コードを読んでみました、なるほどちゃんと考えてありますね、
#PDP Endian には未対応みたい(<誰も使ってないって) ;-p

ご> >全順序集合ではない事や、1.0 / 0.0 → Infinity など
ご> >IEEE754 って『数学』と言う見方でみると、かなり
ご> > ``???'' ではあるんですけど、実施の演算としての
ご> >実行を考えると、妥協の産物としてはうまく整合してると思います。
ご> 
ご> それには同意します。ただNaNの使い道がそれほど詳しく説明され
ご> てないのは惜しいと思います。いちおう、NaNのフォーマットに余
ご> 裕があるのはエラー追跡のためらしいんですけど、現状ではほとん
ご> ど使われてないですよね。

規格に NaNs って複数形で出ているのはそのためなんですよね。
#最初は Signaling と Quitet の2種類で NaNs だと思ってました ^^;;

ご> >ご> >どちらかと言うと、1.0 <=> NaN = NaN 説に傾きつつあります。
ご> >ご> >(1.0 - NaN = NaN からの類推、例外は発生しないと言う立場です)
ご> >ご> 
ご> >ご> うーむ、それはそれでよいなぁ。NaNも一応Numericだし。一票入れ
ご> >ご> ときます。
ご> >
ご> >ごとけんさんに賛同いただけると心強いです。
ご> 
ご> # てれてれ /(^^;;
ご> 
ご> ともかく、<=> はsortのためであるのでそこでそれなりの例外が出
ご> ればよいでしょうね。
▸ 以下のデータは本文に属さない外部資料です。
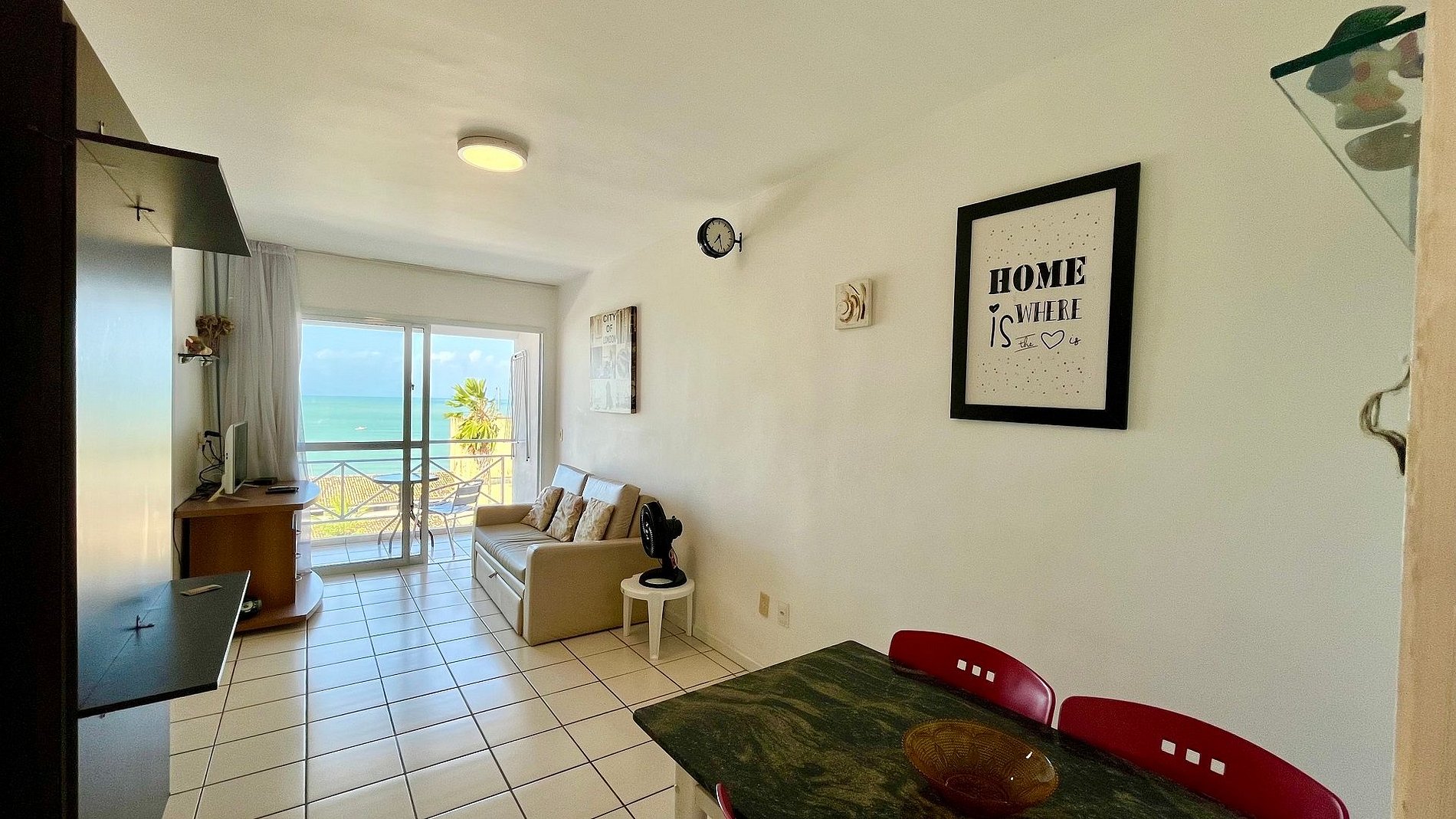 •Sala com sofá, TV Led, DVD divx, Aparelho de som, Mesa Almoço/Jantar e 4 cadeiras.
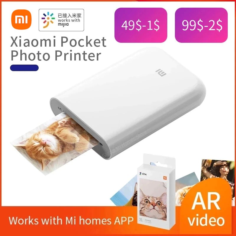 Xiaomi-Impresora De Bolsillo Mijia Ar Para Fotos, Dispositivo Mini De Impresión Portátil Versión Global, 300Dpi Batería 500Mah, Con Opción De Compartir Imágenes
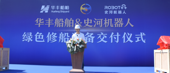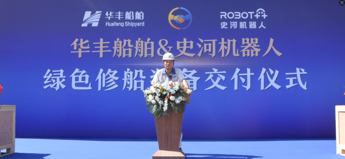 發布時間:2024-08-03 點擊量:32252024年8月3日上午,舟山華豐船舶與史河機器人公司綠色修船裝備交接儀式順利完成。史河機器人創始人&CEO許華旸、COO蒲瀟、工程部總經理劉彥,華豐船舶董事長兼總經理鄔志祥、副總經理舒開鋒等出席儀式,儀式由總經理助理周武佩主持。
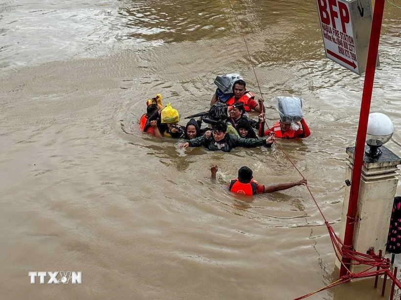 Rescuers evacuate people from flooded areas caused by Typhoon Trami in Camarines Sur province, Philippines, October 24, 2024. Photo: Xinhua/VNA |
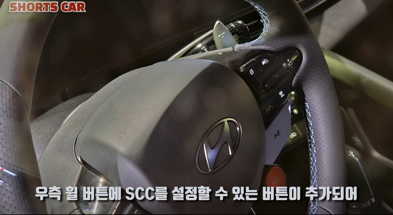 특히 스마트 크루즈 컨트롤이 추가됨에 따라 고속도로 주행 보조(HDA) 역시 아반떼 N에 신규 적용될 것으로 전망하고 있다. 실제로 스티어링 휠에 속도와 차간 간격 조절, 차로 중앙 유지 등을 위한 버튼들이 확인되었다.
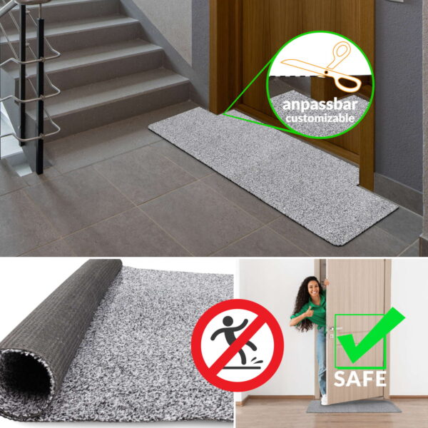 Mit einer Stärke von 4,5mm kann der 100cm breite Flur Teppich, der als Meterware verfügbar ist, vor Ort mit einem Cuttermesser an die Gegebenheiten angepasst werden. Der Schmutzfangteppich besteht in seiner Oberfläche aus 75% Zellulose, was eine besonders reißfeste und robuste Faser ist, die hier verarbeitet wurde. Die Unterseite aus Gummi-Waffelmuster ist besonders rutschfest und sorgt so im Eingangsbereich für ein besonderes Maß an Sicherheit. Der Flur Teppich kann jedoch nicht nur als Teppich Läufer Flur, oder Schmutzfangmatte vor der Türe eingesetzt werden, auch als Küchenläufer oder im Keller oder der Garage bietet der Teppichläufer durch sein gutes Preis-Leistungs-Verhältnis einen tollen Bodenschutz.

また、ほとんど全順序だけど、ちょびっとだ
ご> け全順序でないものに <=> を実装したい場合の手本にもなるでしょ
ご> うし。

<=> に関する奇妙な挙動として強いて言えば、 Inf <=> Inf があります。 
Inf - Inf は、NaN ですが Inf == Inf は、真 Inf <=> Inf は 0
#finite <=> NaN とは様子が違いますが、
#比較と減算は完全には対応しない実例として、あげられます。

こう言うと、 finite <=> NaN → NaN 論と整合しないようですが、、、
IEEE754 の例外のディフォルトの挙動は「なにもしない」なので、
Ruby では何もしないで NaN を返す様ことが妥当だと考えたわけです。

「全順序でないものに <=> を実装したい場合」の
『全順序でないもの』って Set (集合) の様な物を想定してますか?
とすると、、

Set a と Set b に置いて、
  a が b の部分集合 ⇒ a <=> b → -1
  b が a の部分集合 ⇒ a <=> b →  1
  a が b の部分集合でなく、b が a の部分集合でない ⇒ a <=> b → NaN 
でしょうか?(集合の比較に <=> は無理あり?)

と言った応用的な用途を考えると、.kind_of? Float な NaN よりも
nil や false が相応しくも思えます。

要するに finite <=> NaN の時(及び NaN <=> finete の時)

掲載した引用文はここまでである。